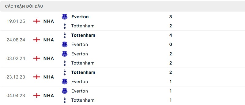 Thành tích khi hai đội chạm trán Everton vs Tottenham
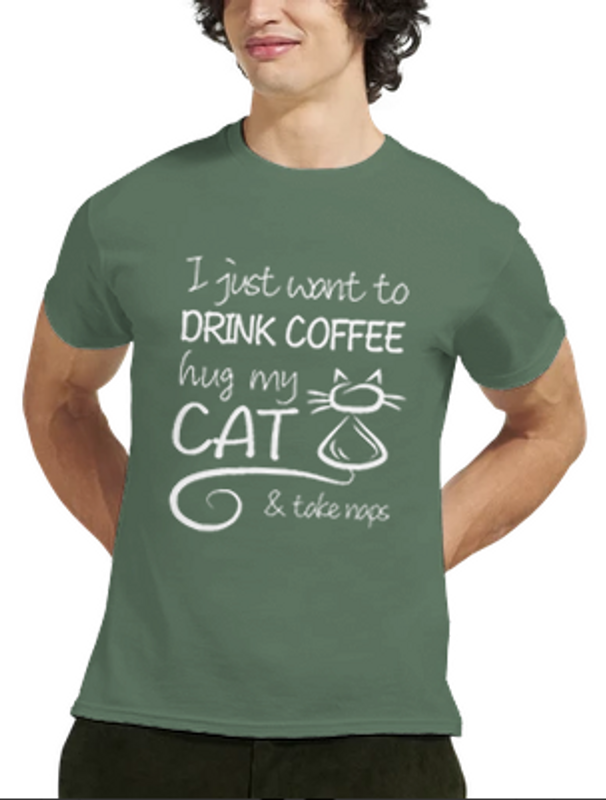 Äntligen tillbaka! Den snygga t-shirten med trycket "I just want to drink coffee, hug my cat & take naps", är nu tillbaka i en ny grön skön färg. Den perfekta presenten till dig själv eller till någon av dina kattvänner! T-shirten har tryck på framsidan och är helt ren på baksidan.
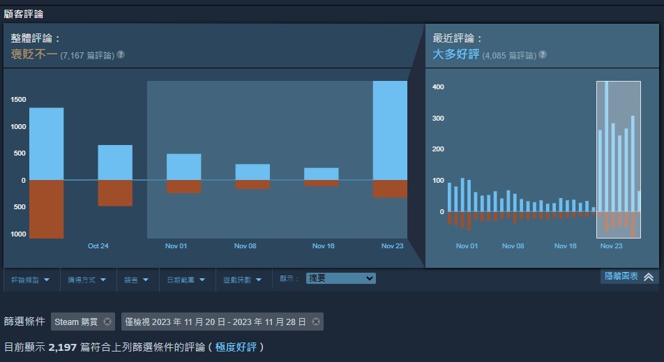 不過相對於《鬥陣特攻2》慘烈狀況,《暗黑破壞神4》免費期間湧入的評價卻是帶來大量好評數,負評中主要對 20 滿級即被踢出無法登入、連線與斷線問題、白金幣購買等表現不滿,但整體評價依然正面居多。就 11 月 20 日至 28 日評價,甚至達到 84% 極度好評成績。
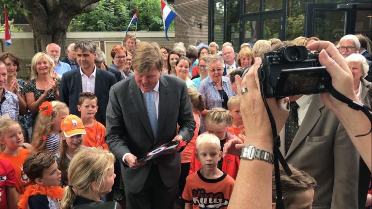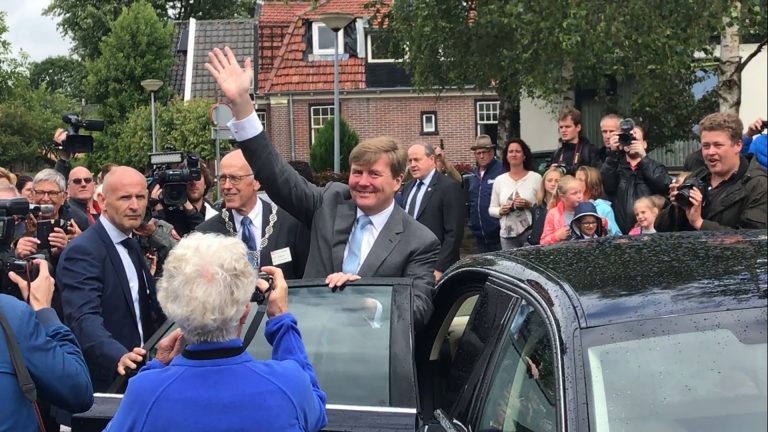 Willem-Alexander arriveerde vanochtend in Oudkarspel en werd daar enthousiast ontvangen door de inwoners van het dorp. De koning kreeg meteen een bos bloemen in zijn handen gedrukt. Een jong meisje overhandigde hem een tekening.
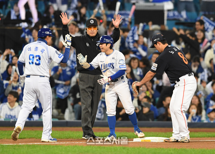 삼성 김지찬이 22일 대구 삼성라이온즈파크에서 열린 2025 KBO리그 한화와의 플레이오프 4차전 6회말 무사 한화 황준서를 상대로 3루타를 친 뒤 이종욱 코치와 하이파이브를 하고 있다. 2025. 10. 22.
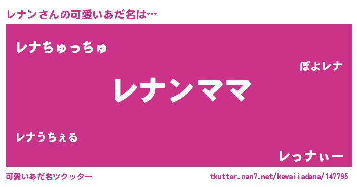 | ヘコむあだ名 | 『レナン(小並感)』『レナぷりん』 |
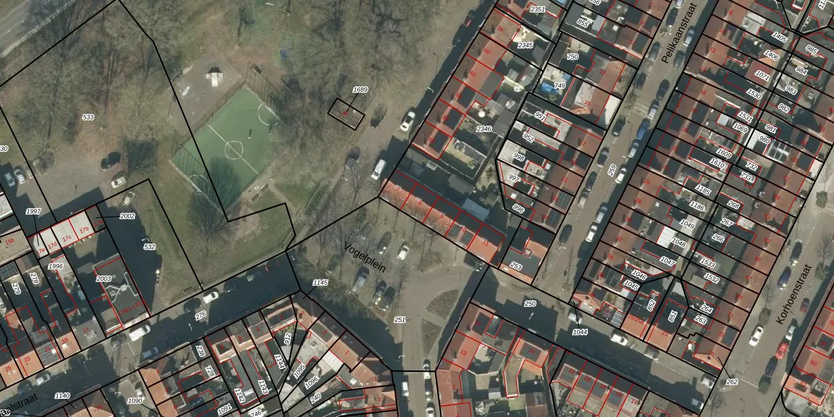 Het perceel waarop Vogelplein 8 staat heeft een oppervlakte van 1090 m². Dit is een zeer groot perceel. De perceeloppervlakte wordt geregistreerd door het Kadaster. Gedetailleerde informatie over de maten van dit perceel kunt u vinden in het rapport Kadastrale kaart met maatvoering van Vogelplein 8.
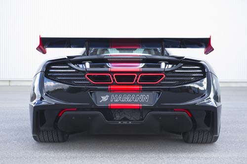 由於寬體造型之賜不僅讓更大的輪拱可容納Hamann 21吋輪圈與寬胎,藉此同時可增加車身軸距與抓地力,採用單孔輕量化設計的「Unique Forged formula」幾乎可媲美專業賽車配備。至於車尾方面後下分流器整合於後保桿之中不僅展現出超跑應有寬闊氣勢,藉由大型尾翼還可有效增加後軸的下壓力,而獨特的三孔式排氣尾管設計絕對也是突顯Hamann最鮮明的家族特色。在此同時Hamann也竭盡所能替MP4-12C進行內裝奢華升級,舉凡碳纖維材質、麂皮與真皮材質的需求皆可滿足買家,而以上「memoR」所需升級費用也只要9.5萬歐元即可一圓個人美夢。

* Instructions for the task: For the material above, give again only the lines starting at the line that contains "Äntligen tillbaka! Den" and ending at the line that contains "Willem-Alexander arriveerde vanochtend". Pictures do not belong in the copy.

* Result of the task:
 Äntligen tillbaka! Den snygga t-shirten med trycket "I just want to drink coffee, hug my cat & take naps", är nu tillbaka i en ny grön skön färg. Den perfekta presenten till dig själv eller till någon av dina kattvänner! T-shirten har tryck på framsidan och är helt ren på baksidan.
 不過相對於《鬥陣特攻2》慘烈狀況,《暗黑破壞神4》免費期間湧入的評價卻是帶來大量好評數,負評中主要對 20 滿級即被踢出無法登入、連線與斷線問題、白金幣購買等表現不滿,但整體評價依然正面居多。就 11 月 20 日至 28 日評價,甚至達到 84% 極度好評成績。
 Willem-Alexander arriveerde vanochtend in Oudkarspel en werd daar enthousiast ontvangen door de inwoners van het dorp. De koning kreeg meteen een bos bloemen in zijn handen gedrukt. Een jong meisje overhandigde hem een tekening.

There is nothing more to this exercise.